How Forex Works
The currency exchange rate is the rate at which one currency can be exchanged for another. It is always quoted in pairs like the EUR/USD (the Euro and the US Dollar). Exchange rates fluctuate based on economic factors like inflation, industrial production and geopolitical events. These factors will influence whether you buy or sell a currency pair.
Example of a Forex Trade:
The EUR/USD rate represents the number of US Dollars one Euro can purchase. If you believe that the Euro will increase in value against the US Dollar, you will buy Euros with US Dollars. If the exchange rate rises, you will sell the Euros back, making a profit. Please keep in mind that forex trading involves a high risk of loss.Why Trade Currencies?
Forex is the world's largest market, with about 3.2 trillion US dollars in daily volume and 24-hour market action. Some key differences between Forex and Equities markets are:
- Many firms don't charge commissions - you pay only the bid/ask spreads.

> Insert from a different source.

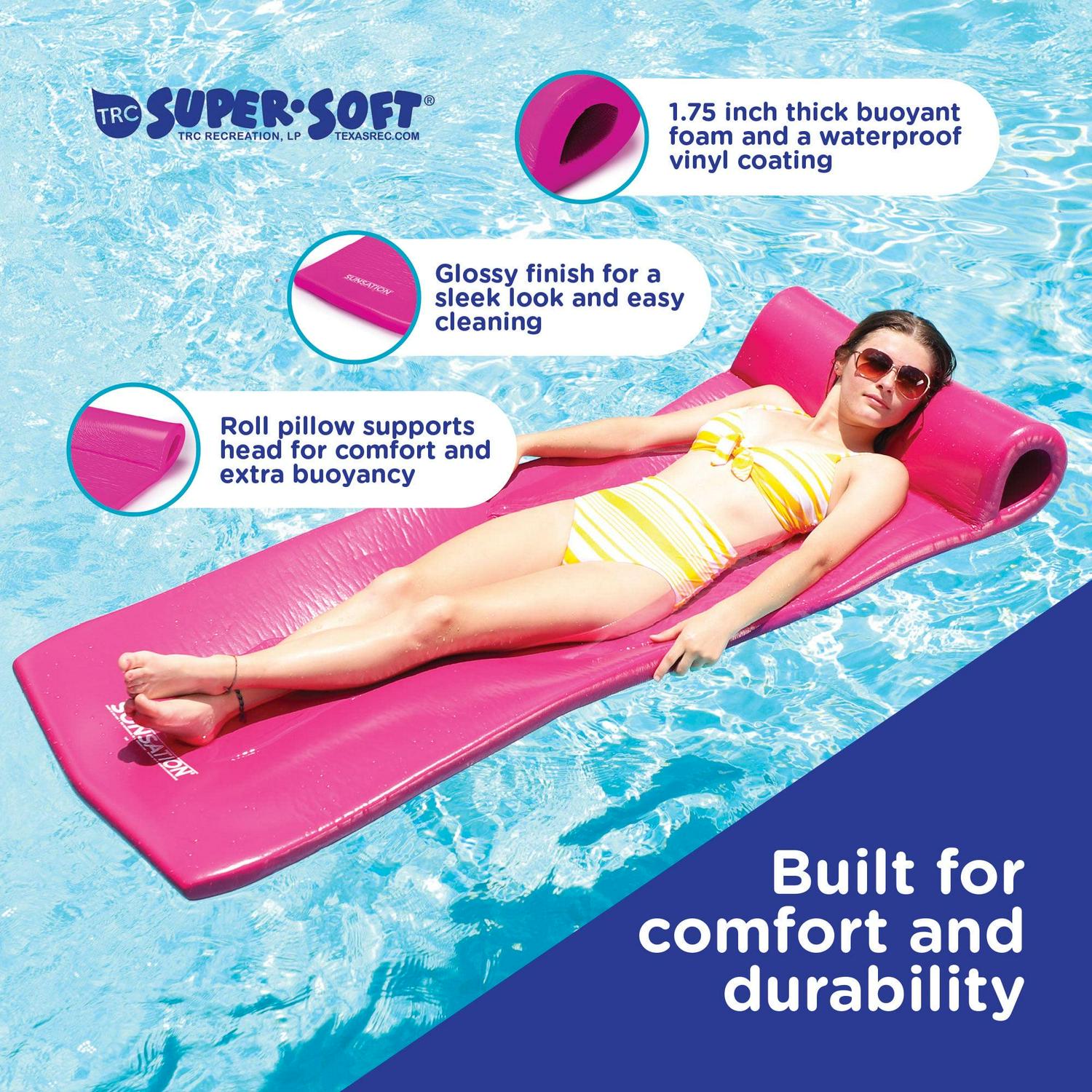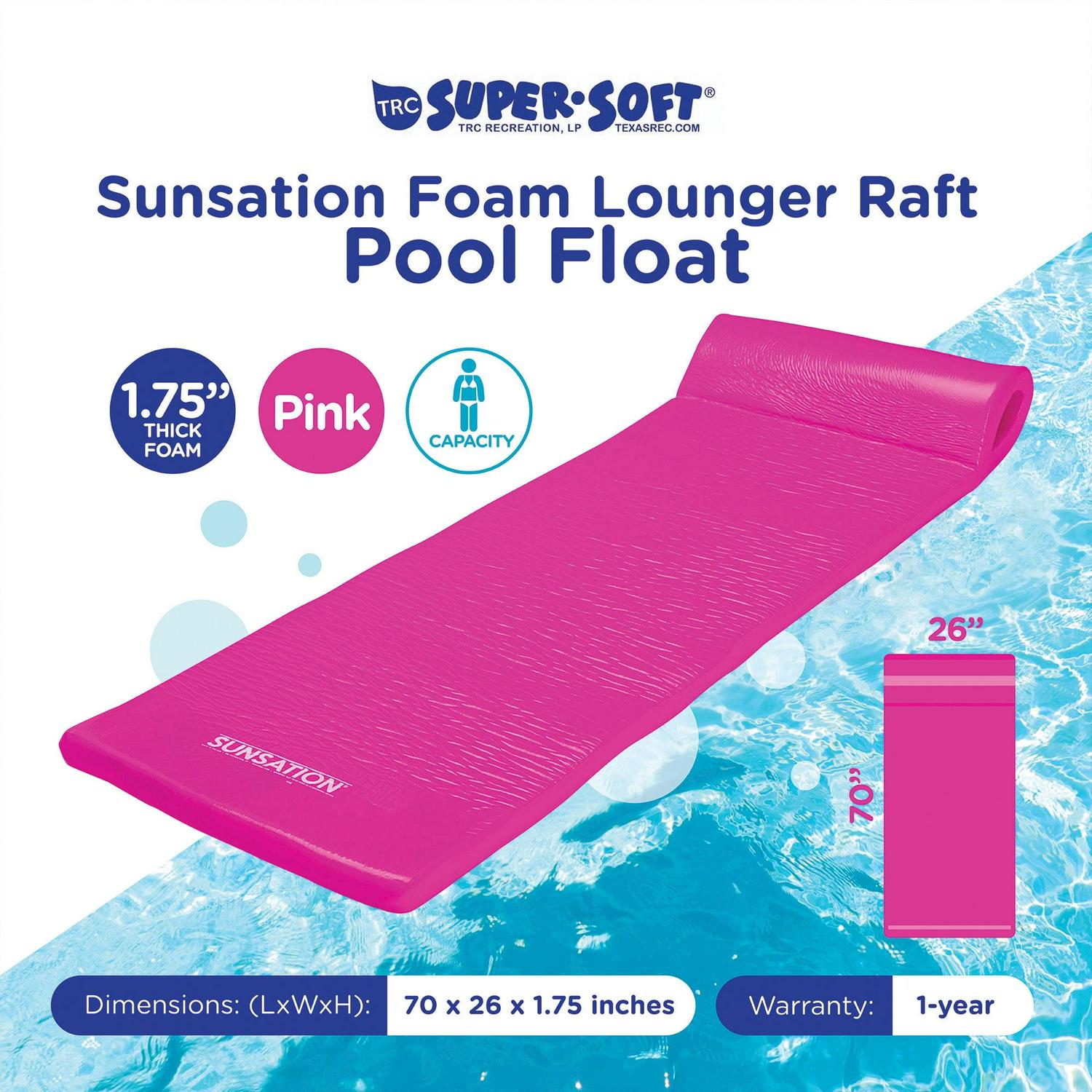 Summertime is a time for fun and relaxation either at the lake or in a pool. From the poolside to the lake, you can relax in style and lounge around without worrying about troublesome air pumps or inflation thanks to the TRC Recreation Sunsation Lounger Raft Pool Float. Durable and amazingly buoyant, this pool mat is crafted with tough yet comfortable 1.75-inch thick foam. The smooth vinyl coating protects this pool float chair from water absorption, so you don’t have to worry about sinking or any potential leaks that deflate in the middle of the pool or lake. Measuring 70 inches long and 26 inches wide, this pool float is large enough for a full-sized adult and features a roll pillow to support your head and neck, providing extra buoyancy as you float along. Additionally, the roll pillow aids in carrying convenience as you take it with you to the beach. The pool and lake lounger is easy to clean by simply wiping the mat down with a damp cloth as needed. Take your relaxation to the next level this summer and catch those sunny rays in comfort. The TRC Recreation Sunsation Pool Float is built for comfort and durability, so choose this lounger the next time you hit the swimming pool. Spend more time lounging in the water and less time inflating pool floats that take time away from your summer.

- There's 24 hour trading - you dictate when to trade and how to trade.
- You can trade on leverage, but this can magnify potential gains and losses.
- You can focus on picking from a few currencies rather than from 5000 stocks.
- Forex is accessible - you don't need a lot of money to get started.
Why Currency Trading Is Not For Everyone
Trading foreign exchange on margin carries a high level of risk, and may not be suitable for everyone. Before deciding to trade foreign exchange you should carefully consider your investment objectives, level of experience, and risk appetite. Remember, you could sustain a loss of some or all of your initial investment, which means that you should not invest money that you cannot afford to lose. If you have any doubts, it is advisable to seek advice from an independent financial advisor.